Pharmacologic effects
Lidocaine is a sodium channel blocker. The drug blocks voltage-gated channels for sodium. These are located in the cell membranes of nerve cells. When a nerve cell is excited, sodium flows into the cells. An action potential is generated and the excitation is transmitted from one nerve cell to the next or from one nerve cell to the target cell by depolarization processes. When the sensitive receptors of the skin perceive sensations such as pressure, pain, heat or cold, they transmit these sensations to the brain. This requires excitation propagation and thus also an opening of the sodium channels in the cell membranes. Lidocaine blocks the sodium channels so that no sodium can flow into the cells. The formation of an action potential is impeded, and the stimulus is not transmitted. At the same time, lidocaine has only a local effect. Only the nerve cells located at the site of application of the drug are affected. Thin nerve fibers are blocked more quickly in their transmission function than thick nerve fibers. After application, the sensation of pain is initially reduced. Subsequently, temperatures are no longer perceived. Then touch and pressure sensations deteriorate. Finally, the efferents fail. Efferents are nerve fibers that run from the central nervous system to the muscles. When the efferents fail, motor function also fails in the affected area.

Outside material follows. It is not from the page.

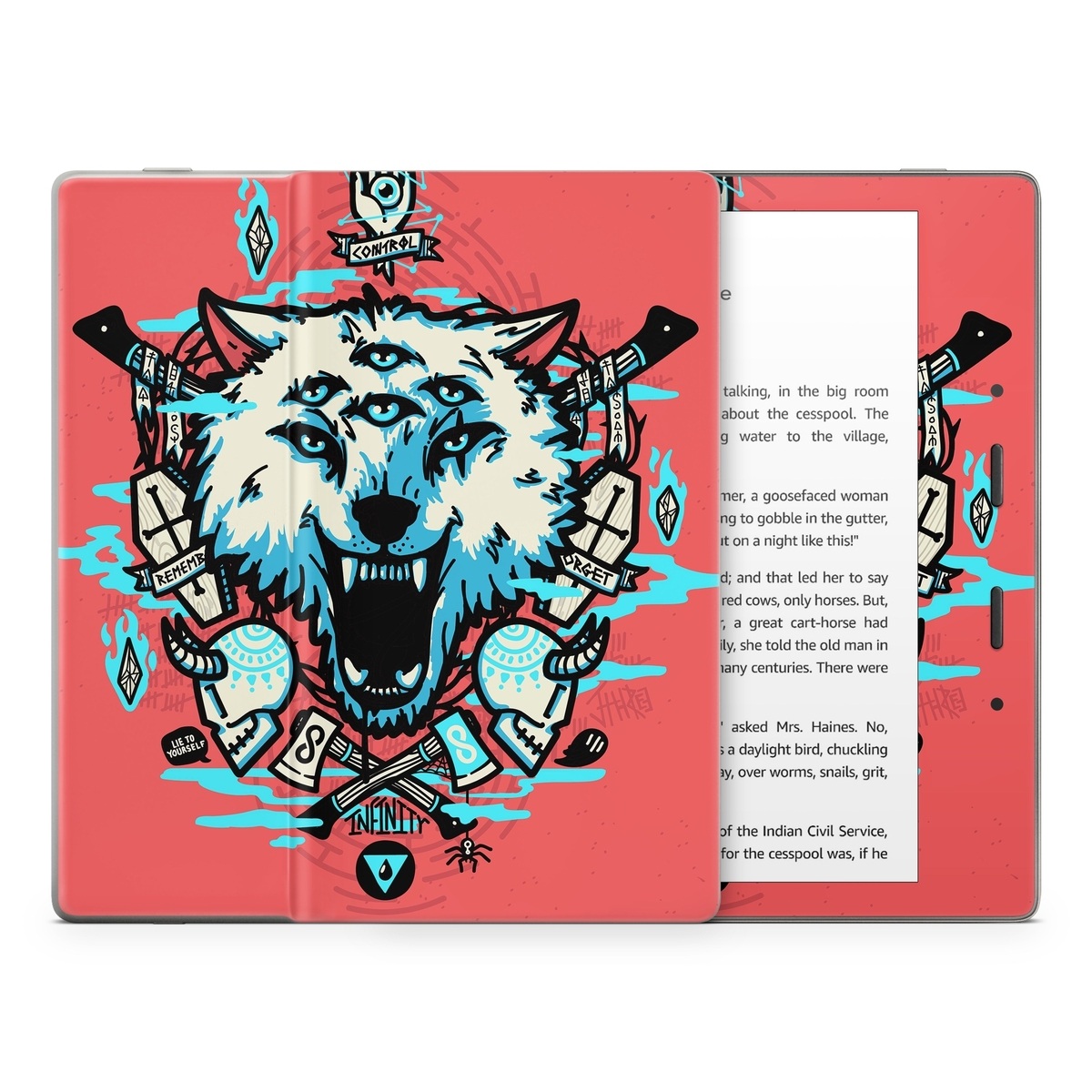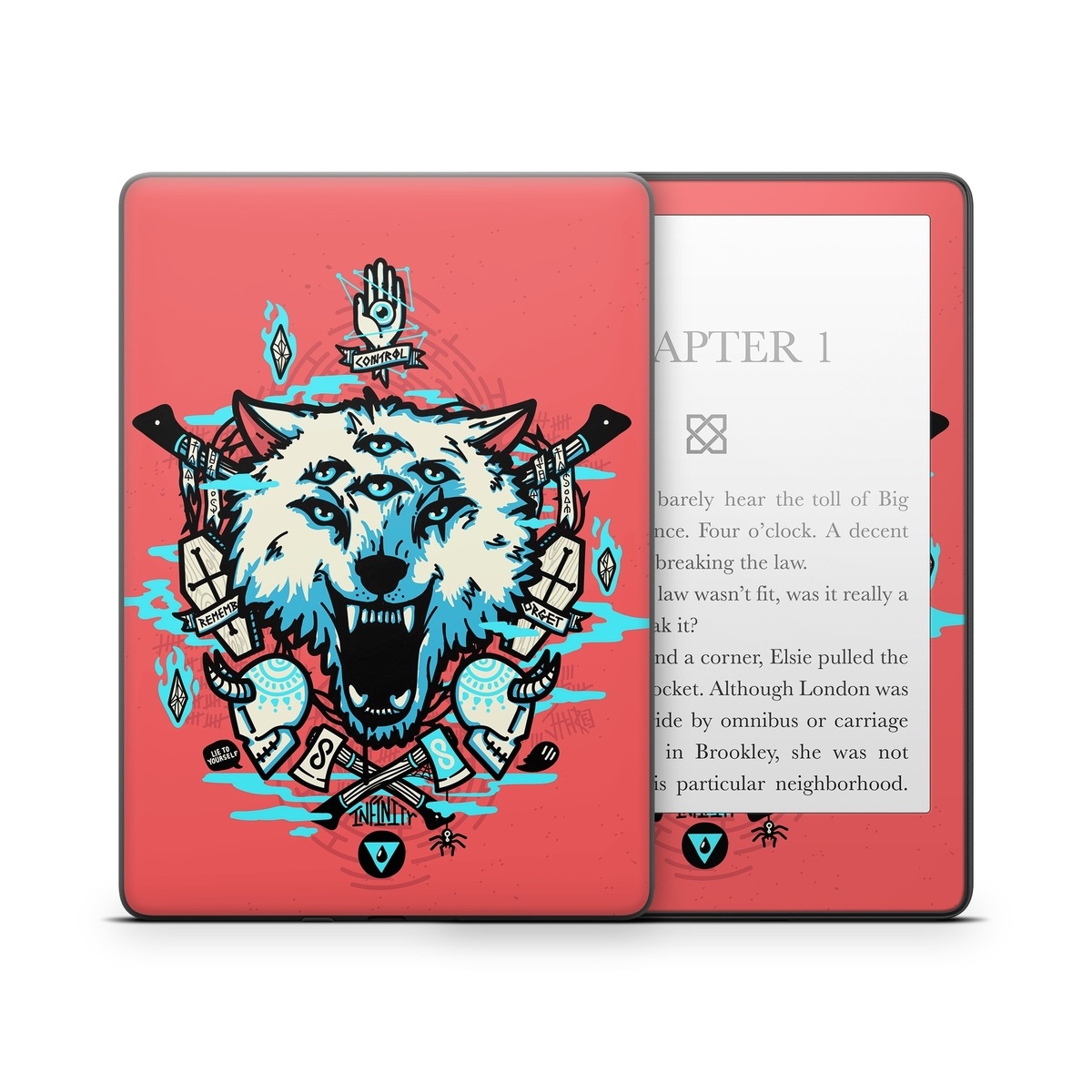 iStyles Amazon Kindle Series Skin design of Graphic design, Illustration, Crest, Logo, T-shirt, Symbol, Font, Graphics, Emblem, Pattern, with red, blue, black, gray colors, and tagged with animals, objects, signs.
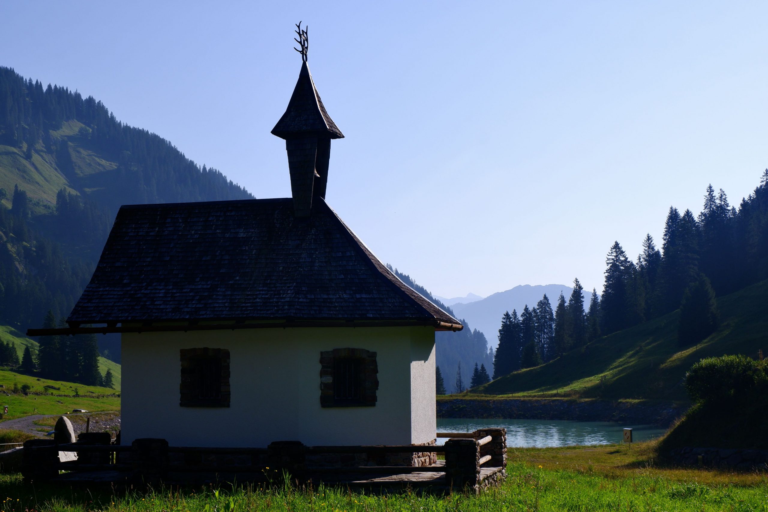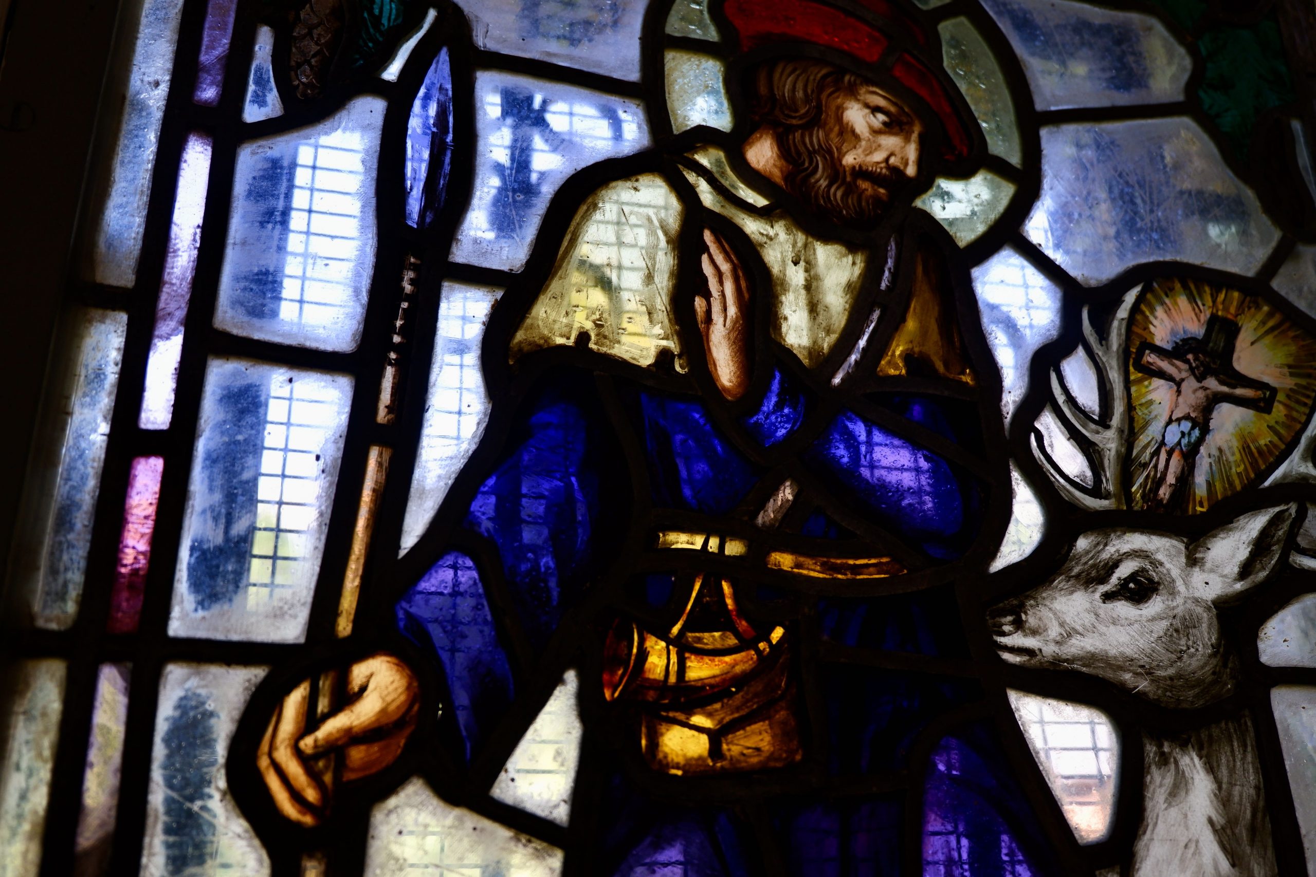 Es ging immer weiter runter bis zu einem Teich mit einer Jagdhütte und einer Kapelle, wo der Hl. Hubertus, der Schutzheilige für JägerInnen, Hunde, Natur und Umwelt verehrt wurde.

Medical application and use
The main use of lidocaine is regional anesthesia. Local anesthesia eliminates the sensation of pain in a limited area of the body. The advantage over general anesthesia is that lung and brain function, metabolism, and even acid-base balance are hardly affected. Lidocaine is frequently administered as a local anesthetic in dental and medical treatment. It is used for surface anesthesia, conduction anesthesia, and infiltration anesthesia. In infiltration anesthesia, lidocaine is injected into tissue to numb a small area. This may be necessary, for example, when suturing a laceration or similar minor procedures. Alternatively, lidocaine may be injected near a nerve. This numbs the area supplying the nerve. This procedure is also known as conduction anesthesia. After a contact time of one to three minutes, the local anesthesia lasts for one to three hours. Lidocaine is also well absorbed through the mucous membranes. In the form of sprays or ointments, the active ingredient is therefore used for surface anesthesia. Surface anesthesia guarantees freedom from pain, for example, in the treatment of hemorrhoids or during endoscopies. Lidocaine is also available in the form of so-called delay creams or delay spray solutions. These are applied thinly to the glans of the penis when the foreskin is retracted to suppress premature ejaculation. Lidocaine is also used as an active ingredient in teething aids as a local anesthetic. The second major area of application for the drug is cardiac arrhythmias. Lidocaine slows down the spread of excitation in the cardiac conduction system. The drug thus has a stabilizing effect on the heart rhythm and suppresses cardiac arrhythmias originating in the ventricles.Thus, lidocaine is predominantly used for the treatment of tachycardic arrhythmias. In the past, lidocaine was used very frequently as an emergency medication. However, its use has now declined because lidocaine can not only prevent cardiac arrhythmias but also produce them in individual cases. In its function as an antiarrhythmic agent, lidocaine must be administered intravenously. Indications for intravenous administration of lidocaine are cardiac arrhythmias of any etiology. This also includes cardiac arrhythmias caused by poisoning with antidepressants or cardiac glycosides. Lidocaine can be administered as a preventive measure before interventions that may irritate the heart muscle. It reduces the risk of ventricular arrhythmias.
Risks and side effects
Side effects are uncommon with low doses of lidocaine. If the dosage is too high, cardiac adverse effects and systemic adverse effects may occur. These include symptoms such as drowsiness, restlessness, convulsions, and negative inotropy of the heart. In negative inotropy, the contractile force of the heart is reduced. In individual cases, a drop in blood pressure or allergic reactions may also occur. Very rarely, patients fall into a coma after high doses of lidocaine.